Friday's P & C contained yet another CCSD apologetic from its award-winning education reporter, Diette Courrege. As usual, the reporter parrots CCSD's absurd decisions and assertions regarding the old Rivers High School with nary a second opinion from the community. [See Rivers Middle School Sits Vacant.] You would think that Rivers dropped from the sky in 2005 in order to become "racially divisive and political."
Here's a bit of reading between the lines:
"The Rivers building and its use has been a racially divisive and political issue since the district closed the school"--only because the administration at 75 Calhoun and the CCSD Board of Trustees have made it so.
"and moved its students to the Burke High campus in the fall of 2005."-- a move desired by no one in the community except the bigwigs in CCSD. And just look at how those transfers have benefitted former Rivers students--not.
"The community fought for months about what should fill the space"--that would be years, actually. The reporter can't subtract properly. CCSD had no use for the building, but it didn't want a public charter school to use it either. During the almost two-year hiatus CCSD's official vandals wrecked the inside of what had been a usable building [see previous damning pictures on this blog].

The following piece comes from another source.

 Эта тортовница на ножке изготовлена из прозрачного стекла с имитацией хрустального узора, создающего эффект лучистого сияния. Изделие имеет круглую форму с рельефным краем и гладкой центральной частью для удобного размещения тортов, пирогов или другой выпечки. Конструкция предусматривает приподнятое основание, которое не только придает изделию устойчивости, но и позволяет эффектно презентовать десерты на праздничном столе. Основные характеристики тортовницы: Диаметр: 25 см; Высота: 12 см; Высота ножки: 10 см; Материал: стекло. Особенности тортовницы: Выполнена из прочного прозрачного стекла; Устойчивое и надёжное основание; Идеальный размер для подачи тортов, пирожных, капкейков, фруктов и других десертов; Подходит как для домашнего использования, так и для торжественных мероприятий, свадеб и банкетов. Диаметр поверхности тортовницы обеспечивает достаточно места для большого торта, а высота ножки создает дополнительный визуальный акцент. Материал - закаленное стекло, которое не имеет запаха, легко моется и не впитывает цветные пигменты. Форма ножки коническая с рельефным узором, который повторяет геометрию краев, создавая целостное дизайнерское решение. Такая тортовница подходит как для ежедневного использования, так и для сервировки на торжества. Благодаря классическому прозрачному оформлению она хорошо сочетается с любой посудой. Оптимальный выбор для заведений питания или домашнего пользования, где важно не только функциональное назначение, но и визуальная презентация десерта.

"and the board agreed in the fall of 2007 to allow the charter school to share space with a new, yet-to-be-created school, Lowcountry Tech High"--practically over their dead bodies, actually. Of course, no progress has been made on this chimera, nor is there likely to be any in the first half of this century.

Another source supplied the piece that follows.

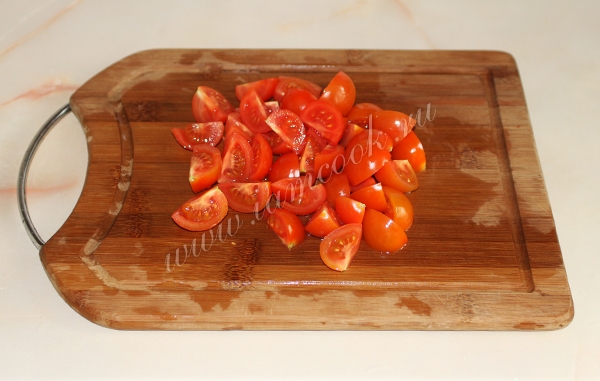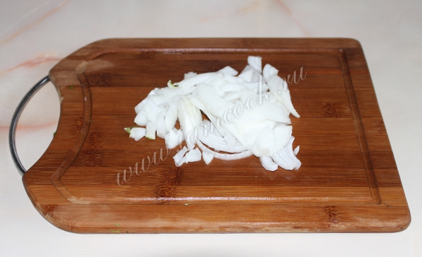Половинку репчатого лука нарезать четверть кольцами. Лучше всего взять для этого салата именно белый лук, так как он более сладкий, чем обычный репчатый. Кроме того можно использовать и лук порей.

"Later that fall, the board received an engineering report that showed the building would collapse in a serious earthquake."--A ha ha ha ha ha. Excuse me, I was just caught by a paroxysm of laughter. The timing of this doomsday report was purely coincidental, of course.
"District leaders decided that no one should occupy the building until its seismic problems are addressed."--I want to see the seismic report on 75 Calhoun. I'll bet it too would collapse in a serious earthquake. When are the offices moving into trailers?
And so we have more red herrings thrown before the taxpayers of Charleston County. The Charter School for Math and Science would have been perfectly willing to accept the building at 2005 condition. Problem is, the Board plans that CSMS will occupy that building on a cold day in hell.It's all about power, not academics.
3 comments:
What do they ned to do to survive if CCSD is adamantly against them?
One answer to the previous question might be to get a new superintendent. It would help if we had a school chief who wasn't so deaf, dumb and blind to the community and its potential. If the math and science charter school is any indication, Charleston schools could right themselves if given the chance. This superintendent can't lead and she refuses to follow. The only thing left for her is to just get out of the way.
The Post and Courier report failed to mention the board voted 9 to 0 last Monday in support of the charter school's mobil campus at Rivers. That was in spite of McGinley's rantings against it. She maybe loosing her grip. If so, there's a bigger story in all this.